Jeff, you've identified a problem in time and process management. That problem is communication. Regardless of your frustration, though, it's both harmful and inaccurate to trash the bean counters unless you can demonstrate when, where, and how you've communicated to them that these parts (in your example) are no longer needed. It is true that bean counters utilize historical data to attempt to be prepared for future events. It is also true that bean counters seek information from any available source to place orders or otherwise prepare for future events. How loudly will you complain if the bean counters haven't ordered the parts you need every Friday when you didn't tell them you needed them next Friday? Will you insist that they should have known based on history? As the bean counter that has been the liason between the techies and the 10-key bangers, I can assure you that both groups must endeavor to work together and throw the blame game in the trash. On the other hand, when you can readily identify a problem, it seems to me that you have a golden opportunity to be a hero by making a serious proposal to proper parties showing how to change processes to end the problem and improve the business. Such a no-brainer!!! One final thought, Jeff. You mentioned that the bean counters kept ordering the parts even when they were no longer needed so you could continue replacing the defective heads. Were you going out and changing heads since they provided them? If you were, who is it that isn't using their head intelligently??? Remember, Jeff, that you and everyone else will be far better off when you actually work to improve the business instead of trying to blame your way to the top.

Ed Woychowsky
Ed Woychowsky

As an earily riser, the biggest problem that I've encountered are the managers that decided that if you get in at 7 going home at 3:30 is leaving early. I've lost count of the number of times that I've heard, Dan or Jim is a better employee because they leave at 6. The fact that they don't drag their butts in until 9:30/10 never enters the manager's head.
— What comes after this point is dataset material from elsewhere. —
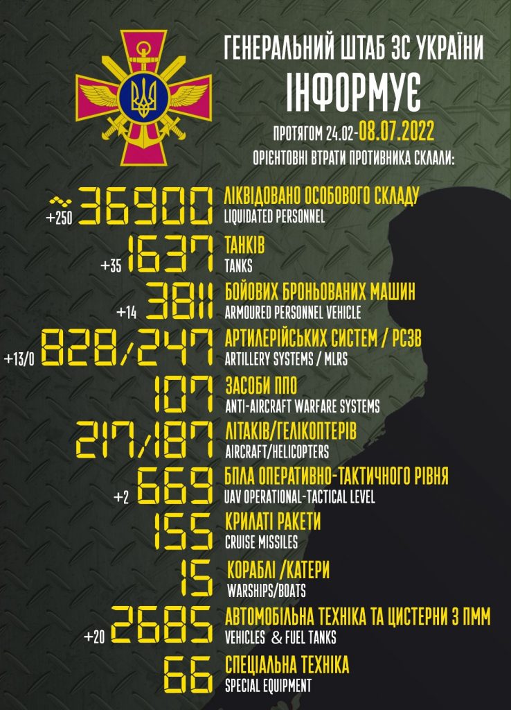 Eddig összesen 36 900 orosz katona halt meg a háborúban az Ukrán Fegyveres Erők vezérkarának július 8-án közzétett hadijelentése szerint.

Basic arithmatic is beyond them. - End of rant.

BiggestDawg
BiggestDawg

That we are in the mess we are today. Not because they are bad or stupid people but because they are not capable of seeing past their spreadsheets to the reality that goes on around them. Therefore they make their decisions based purely on numbers and statistics and we all know that they can easily be wrong. It is still not the fault of the bean counter though. It is the fault of leaders to take the information from bean counters and from the front lines and properly interpret the information. In other words to put the human face to the numbers. This is not something that comes naturally to the bean counter. So bean counters that wind up in positions where business decisions need to be made tend to favor the one thing they know and understand and as a result they often make the wrong decisions I have seen it many times over that is why bean counters should not be allowed into the final decision process.

cillbat
cillbat

seems like a bit of communication projection here and assumptions running rampant. i think the general idea is that its unlikely to be realistic when looking at stats alone to base staffing decisions since stats never tell the whole story. so much of what gets done never meets the user's eye nor the 'bean-counter's' eye because its very difficult if not impossible to quantify how different calls can be. Therefore you average them out and hope for the best which is never going to come out right if you try to only meet and never exceed the need for support. Therein lies the true problem.